As described above, according to the present invention, during the operation of the vacuum degassing process in the vacuum degassing tank, a burner lance is used to face the vicinity of the insertion port in the pulling tank. Inert gas from the gas injection port while waiting 15
It blows out at a linear velocity of ~ 40 m / sec. Therefore, it is possible to prevent blockage due to adhesion of metal to the gas injection port due to splash of molten steel during operation.

As a result, after the vacuum degassing process, the burner lance waiting in the tank near the lance insertion port can be immediately transferred to the heating work, and the frequency of use of the burner lance is improved. Also, since the vacuum degassing process can be performed in a state where there is no metal in the vacuum degassing tank and the heat retention is good, the efficiency of the vacuum degassing process can be improved and the life of the refractory in the tank can be extended. Can be achieved.

[Brief description of drawings]

FIG. 1 is a front view showing an apparatus according to an embodiment of the present invention.

FIG. 2 is a side view showing a burner lance according to the present invention.

FIG. 3 is a vertical cross-sectional view showing a burner lance tip portion according to the present invention.

FIG. 4 is a plan view showing an arrow AA of FIG.

FIG. 5 is a sectional view showing a pilot burner.

FIG. 6 is a sectional view showing a seal mechanism of a burner lance according to the present invention.
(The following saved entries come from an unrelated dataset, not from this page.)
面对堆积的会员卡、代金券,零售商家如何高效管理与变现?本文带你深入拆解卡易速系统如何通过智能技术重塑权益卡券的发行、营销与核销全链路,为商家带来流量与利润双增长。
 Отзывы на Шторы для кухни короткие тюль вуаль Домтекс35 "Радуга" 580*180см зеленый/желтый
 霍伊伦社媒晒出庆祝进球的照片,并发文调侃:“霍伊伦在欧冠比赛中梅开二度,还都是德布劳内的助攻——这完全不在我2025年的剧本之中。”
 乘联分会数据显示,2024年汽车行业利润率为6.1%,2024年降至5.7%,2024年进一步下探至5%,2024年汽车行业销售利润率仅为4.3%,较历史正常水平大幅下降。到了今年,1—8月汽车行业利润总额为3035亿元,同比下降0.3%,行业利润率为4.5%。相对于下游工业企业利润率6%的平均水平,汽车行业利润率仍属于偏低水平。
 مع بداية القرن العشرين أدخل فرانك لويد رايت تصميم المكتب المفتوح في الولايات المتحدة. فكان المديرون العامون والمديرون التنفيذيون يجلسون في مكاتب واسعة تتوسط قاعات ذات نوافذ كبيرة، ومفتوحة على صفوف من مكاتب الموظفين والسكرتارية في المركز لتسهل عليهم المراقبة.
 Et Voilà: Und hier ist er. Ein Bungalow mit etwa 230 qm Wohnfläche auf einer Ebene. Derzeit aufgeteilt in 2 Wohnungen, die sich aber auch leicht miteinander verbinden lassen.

FIG. 7 is a side view showing a device according to a conventional example.

FIG. 8 is a side view showing an opening / closing lid structure of a lance insertion opening according to a conventional example.
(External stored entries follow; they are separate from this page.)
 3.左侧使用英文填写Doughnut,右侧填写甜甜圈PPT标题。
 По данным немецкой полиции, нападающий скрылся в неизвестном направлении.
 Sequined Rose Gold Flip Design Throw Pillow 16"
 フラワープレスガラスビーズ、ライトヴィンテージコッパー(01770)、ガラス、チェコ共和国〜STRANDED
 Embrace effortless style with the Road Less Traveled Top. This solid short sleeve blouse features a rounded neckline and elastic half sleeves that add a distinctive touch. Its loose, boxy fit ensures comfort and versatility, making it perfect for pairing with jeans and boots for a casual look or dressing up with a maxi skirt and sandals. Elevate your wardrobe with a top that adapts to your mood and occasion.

FIG. 9 is a schematic side view showing an apparatus according to a conventional example.

[Explanation of symbols]

1 Vacuum degassing tank 2 Lance insertion port 3 Lance seal mechanism 4 Burner lance 5 Lifting frame 6 Lance holder 7 Lance lifting guide 8 Positioning guide 9 Horizontal support frame 10 Stand 11 Vertical shaft 12 LPG supply pipe 13 O ₂ Supply pipe 14 Water supply pipe 15 Drain pipe 16 LPG flow passage 17 O ₂ flow passage 18 Water supply passage 19 Drain passage 20 Dip pipe 21 Ladle 22 Molten steel 23 Lance lifting drive device 24 Lance swivel drive device 25 Gland packing 26 Hollow elastic body 27 Lower pipe seat 28 Upper pipe Seat 29 Pilot burner 30 Pilot burner body 31 Spark plug 32 Nozzle 33 Burner tip

Continuation of the front page (56) Reference JP-A-3-97807 (JP, A) JP-A-3-226515 (JP, A) JP-A-58-185704 (JP, A) Jitsukaihei 2-118746 (JP , U) (58) Fields investigated (Int.Cl. ⁷ , DB name) C21C 7/10

Claims (2)

(57) [Claims] 1. A burner lance is inserted into the tank from a lance insertion port provided on the top wall of the tank , and the burner lance dissolves and removes the metal adhered in the vacuum degassing tank, and preheats and keeps the temperature inside the tank. In the heating method of the vacuum degassing tank, the burner lance is exposed to the vicinity of the lance insertion port in the drawing tank during the operation of vacuum degassing molten steel in the vacuum degassing tank. In addition to making it stand by, the inert gas from the gas injection port of the burner lance is 15-40 m /
A method for heating a vacuum degassing tank, characterized in that by blowing out under a linear velocity condition of 2 seconds, blockage due to adhesion of metal to the gas injection port due to molten steel splash during operation is prevented. 2. The method for heating a vacuum degassing tank according to claim 1, wherein the burner lance is held in the drawing tank up to the vicinity of the lance insertion port within 2.0 m from the top of the tank.